• The data:
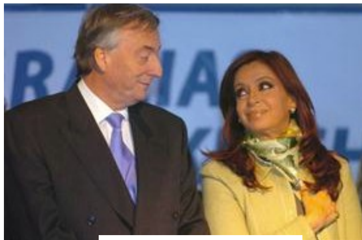
Néstor Kirchner y su mujer Cristina

Un balance económico exitoso : el eslogan más repetido en la era de Néstor Kirchner: " salimos " Kirchner era partidario de un liberalismo con intervención del Estado . Durante su presidencia, las relaciones se tensaron con el FMI: al igual que Brasil, una de las principales medidas de su gestión fue cancelar por anticipado la totalidad de la deuda con este organismo internacional por un monto de 9.810 millones de dólares. El objetivo declarado de ambos gobiernos fue terminar con la sujeción de las respectivas políticas económicas nacionales a las indicaciones del FMI .
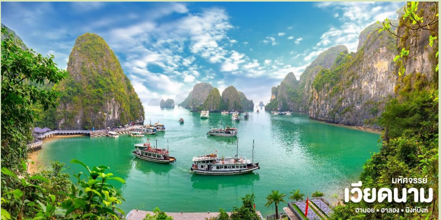
มทิจจรีย์ เวียดนาม ฮานอย • ฮาลอง • นิงห์บิ่งห์

นำท่าน ออกเดินทางสู่ท่าเรือเพื่อล่องเรือชมความงามตามธรรมชาติที่สรรค์สร้างด้วยความงดงามดั่งภาพวาด โดยจิตรกรเอก อ่าวฮาลอง ประกอบด้วยหมู่เกาะน้อยใหญ่กว่า 1,900 เกาะได้รับการประกาศเป็นมรดกโลกโดยองค์การยูเนสโกอ่าวแห่งนี้เต็มไปด้วยภูเขาหินปูนมากมายระหว่างการล่องเรือท่านจะได้ชมความงามของเกาะต่างๆทั้งเกาะหมา เกาะแมวเกาะไก่ชน ฯลฯ
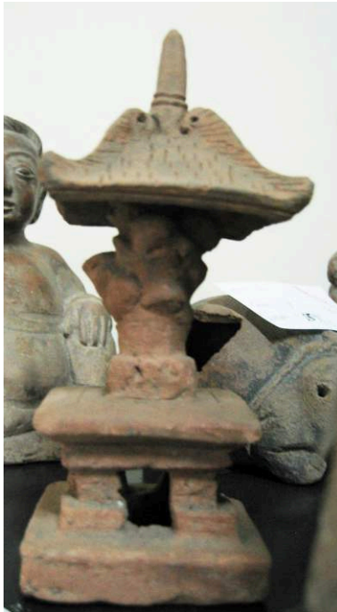
Fig. 17 – Miniature en terre cuite représentant un pavillon à pilier unique, 7 x 7 cm, hauteur 17 cm, coll. Soedarmadji Jean Henry Damais (H. Njoto, 2009).
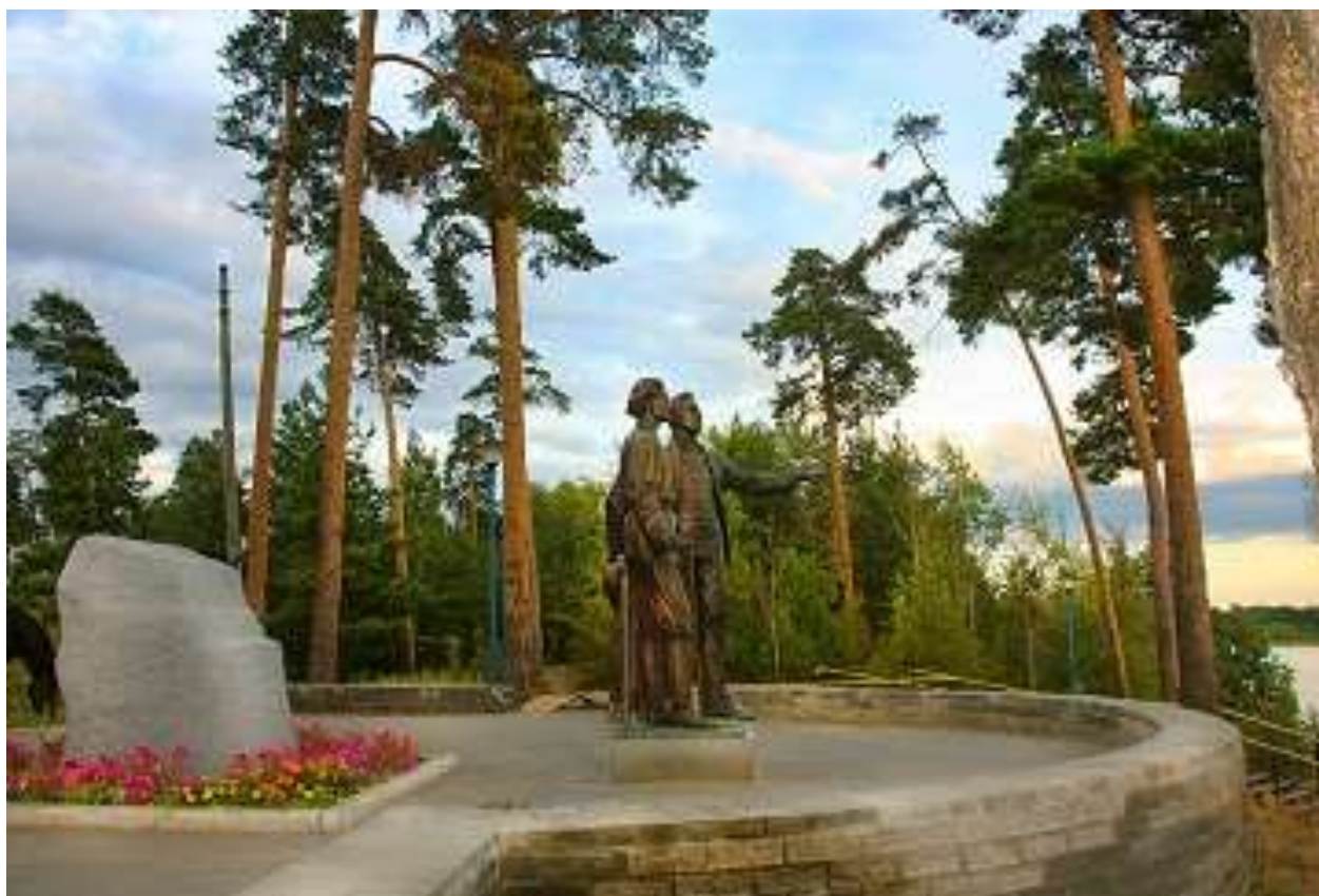
Памятник Горькому и Шаляпину на Моховых горах в Борском районе Нижегородской области

Фёдор Иванович Шаляпин прошел похожий с Горьким жизненный путь: с 9 лет работал и при этом стремился к образованию, читал книги, самостоятельно учился играть на скрипке, пел в церковном хоре. Судьба его переплеталась с судьбой Максима Горького (еще до их знакомства) в разных городах: Казани, Уфе, Тифлисе. Двух творцов сближало многое: служение искусству, любовь к Родине, близость к народу. Оба вышли из низов, пробивая дорогу своим трудом с раннего детства. В 1900 году они познакомились. Максим Горький тогда поприветствовал Фёдора Шаляпина словами: "Я знаю историю твоей жизни... Мы братья". Эта дружба продолжалась более 30 лет.
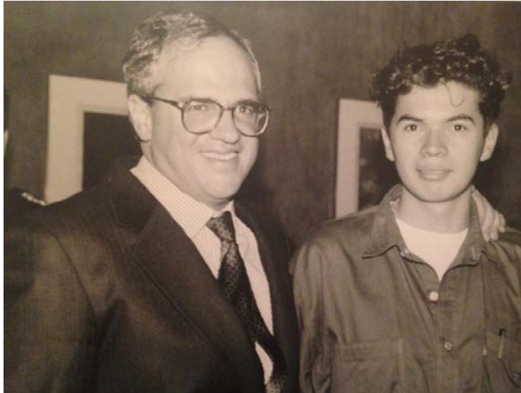
Foto 2. Fotografía tomada en la Secretaría de Prensa en 1995.

Ingresé a la Presidencia de la República en el año de 1995, en aquel entonces culminaba la prestación de mi servicio militar obligatorio, durante el Gobierno de Ernesto Samper.
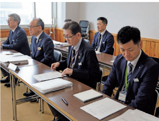
田村町長ほか 理事者見解

歯科診療所の早期誘致につい ては、町民からの期待も大きい ため、早期開業に向けて尽力 いただきたい。農業農村整備事業 を進めるにあたっては、農家と の合意形成を図りながら実情に 即した内容となることを期待す る。五味温泉については、経営 改善計画を着実に実行すること が肝要であり、町民の不安解消 と信頼回復に向けて町の指導・ 監督機能をより一層強化すべ きである。下川商業高等学校の存 続は、本町のまちづくりに大き な影響を及ぼすため、幅広い視 点での情報収集と発信に努め、 関係機関への働きかけの強化を 期待する。また、町内の遠距離 通学者に対する通学費助成の拡 充など更なる支援策も検討すべ きである。
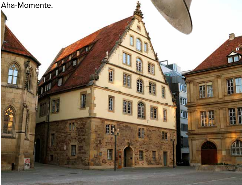
Haus der Musik im Fruchtkasten, Schillerplatz 1, 70173 Stuttgart

Wer Musik besser verstehen will, wird im Haus der Musik fündig. Zwischen kompakten Live-Demos und Mitmach-Stationen wird aus Zuhören Erleben. Nicht nur Musikfreunde bekommen hier handfeste Aha-Momente.
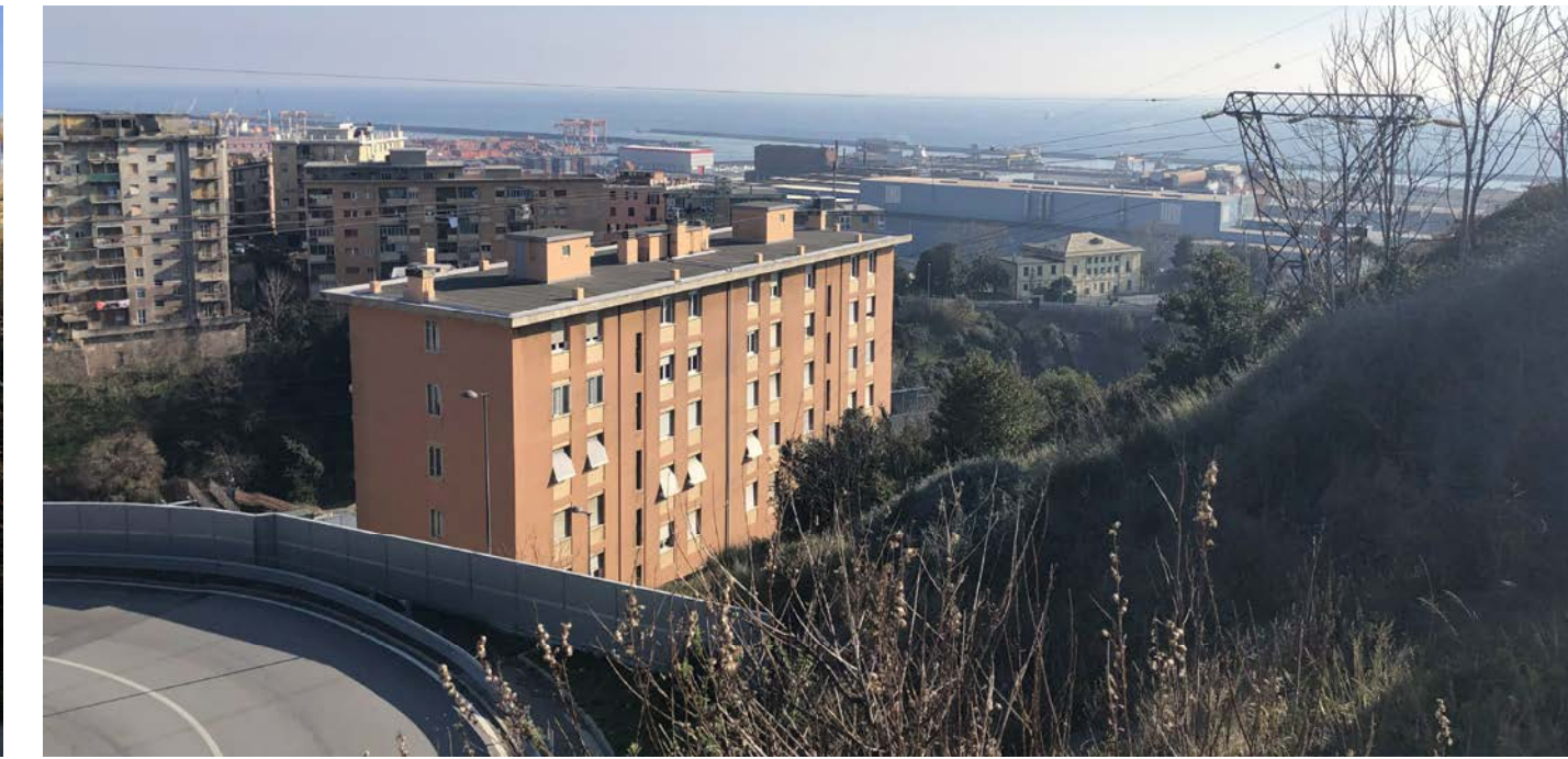
6 Vista verso Sud dalla via Vallebona
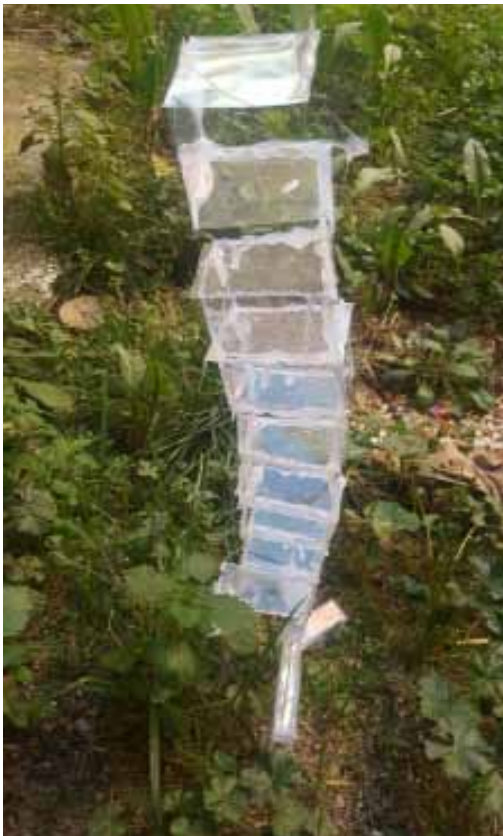
Ιωάννα Τσιγάρα_Mirror Neurons
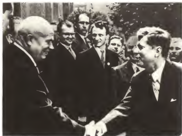
Н. С. Хрущев и Д. Кеннеди.
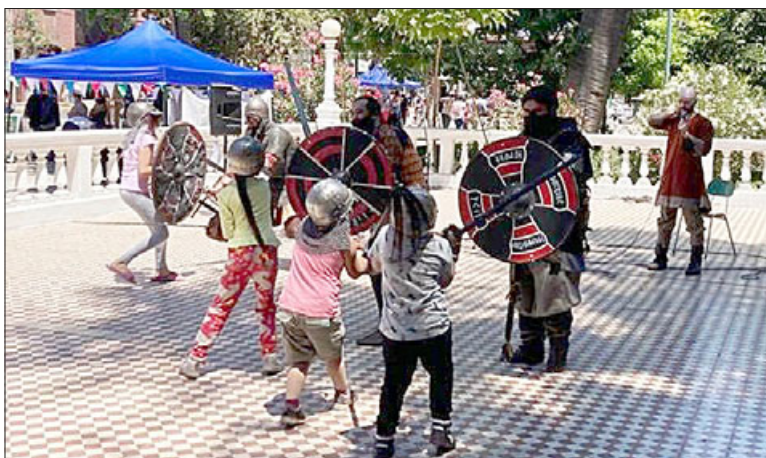
Varmesjord recreacion vikinga.
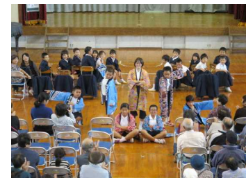
【ソーラン節もかっこよく】
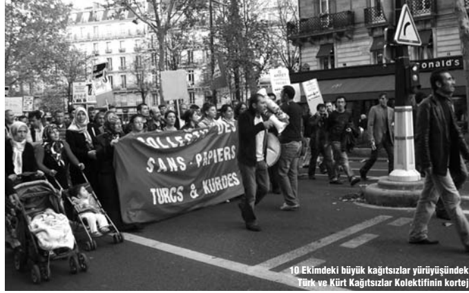
10 Ekimdeki büyük kağıtsızlar yürüyüşündeki Türk ve Kürt Kağıtsızlar Kolektifinin korteji

Doğrusu bu gelişmenin ardından bazı konjonktürel etkenleri de unutmamak gerekir. Zira Türkiyeliler öteden beri daha çok siyasi ilacı yolunu seçmekteyken yakın dönemde bu kapı AB sürecine de paralel olarak kapanmaktadır. Beri yandan Sarkozy döneminde çıkan
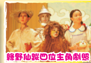
綠野仙蹤四位主角劇照
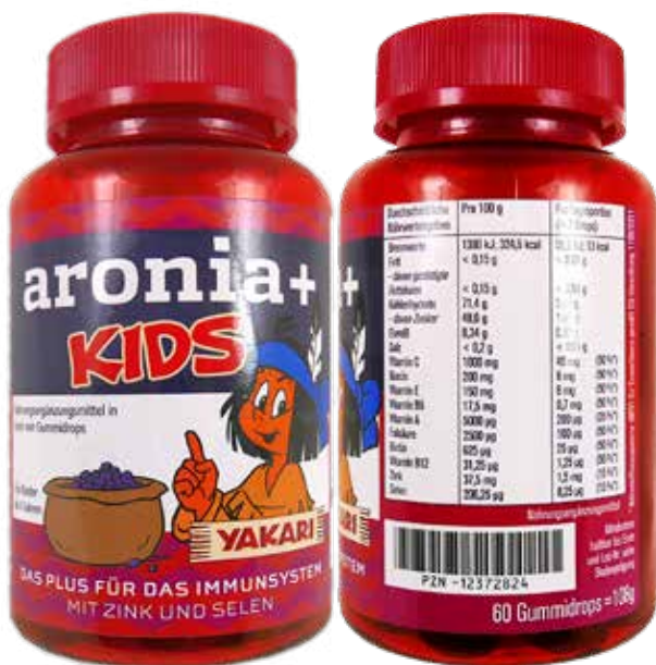
Abbildung 6: Beispiel aus der Apotheke für Abbildungen, die Kinder ansprechen, auf der Verpackung (aronia+ KIDS). Die vom BfR vorgeschlagene maximale Höchstmenge von 200 µg Vitamin A pro Tag in Nahrungsergänzungsmitteln (gilt für die Altersgruppe ab 15 Jahren) wird erreicht [22].

Acht Verpackungen enthalten – bereits von außen erkennbar – Kinder ansprechende Tabletten oder Fruchtgummis, zum Beispiel in Form von Bärchen oder Rennautos. Besonders auffällig ist die Sammelaktion bei dem Produkt „Orthomol junior Omega plus“: Werden ausreichend Coupons abgegeben, verspricht der Hersteller eine kleine Überraschung – natürlich nur bei gleichzeitiger Angabe persönlicher Daten. Aus Sicht der Verbraucherzentralen ist es kritikwürdig, wenn Kinder durch gezielte Marketingaktionen wie eine Mitgliedschaft in einem „Junior-Club“ frühzeitig an Nahrungsergänzungsmittel herangeführt werden. (Abb. 7).
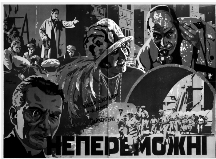
«Непереможні». Кіноплакат. (1927). Художник К. Болотов.

Вирізка з газети з рецензією на фільм «Непереможні».
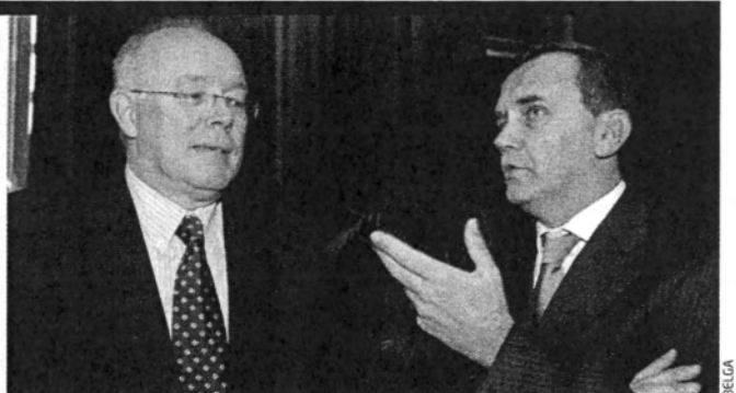
Benoît Cerexhe, à droite, ministre CDH de l'Economie et de l'Emploi (ici, avec Charles Picqué) : « Si tu ne vas pas à Actiris, Actiris viendra à toi. »

poussiéré et humanisé l'organisme régional d'activation des chômeurs. L'Orbem, rebaptisé Actiris il y a deux ans, a simplifié ses structures, proposé ses offres sur son site www.actiris.be et ouvert des antennes dans plusieurs communes. « Si tu ne vas pas à Actiris, Actiris viendra à toi ! » prévenait Cerexhe, paraphrasant Féval. Néanmoins, le suivi des demandeurs d'emploi manque encore d'efficacité. Annoncé depuis plus d'un an, le système d'envoi d'offres d'emploi ciblées par SMS, qui a démontré son succès en Flandre, peine à être activé. Les chèques-langues seraient utilisés par 5 à 10 % seulement des demandeurs d'emploi, alors que 90 % des chômeurs sont unilingues. Les chèques-formation ne rencontreraient guère plus de succès, alors que le manque de qualification est considéré comme l'une des causes principales du taux

• What is needed: The answer must be a single number: the count of lines above that contain "Néstor".

• Written solution: 2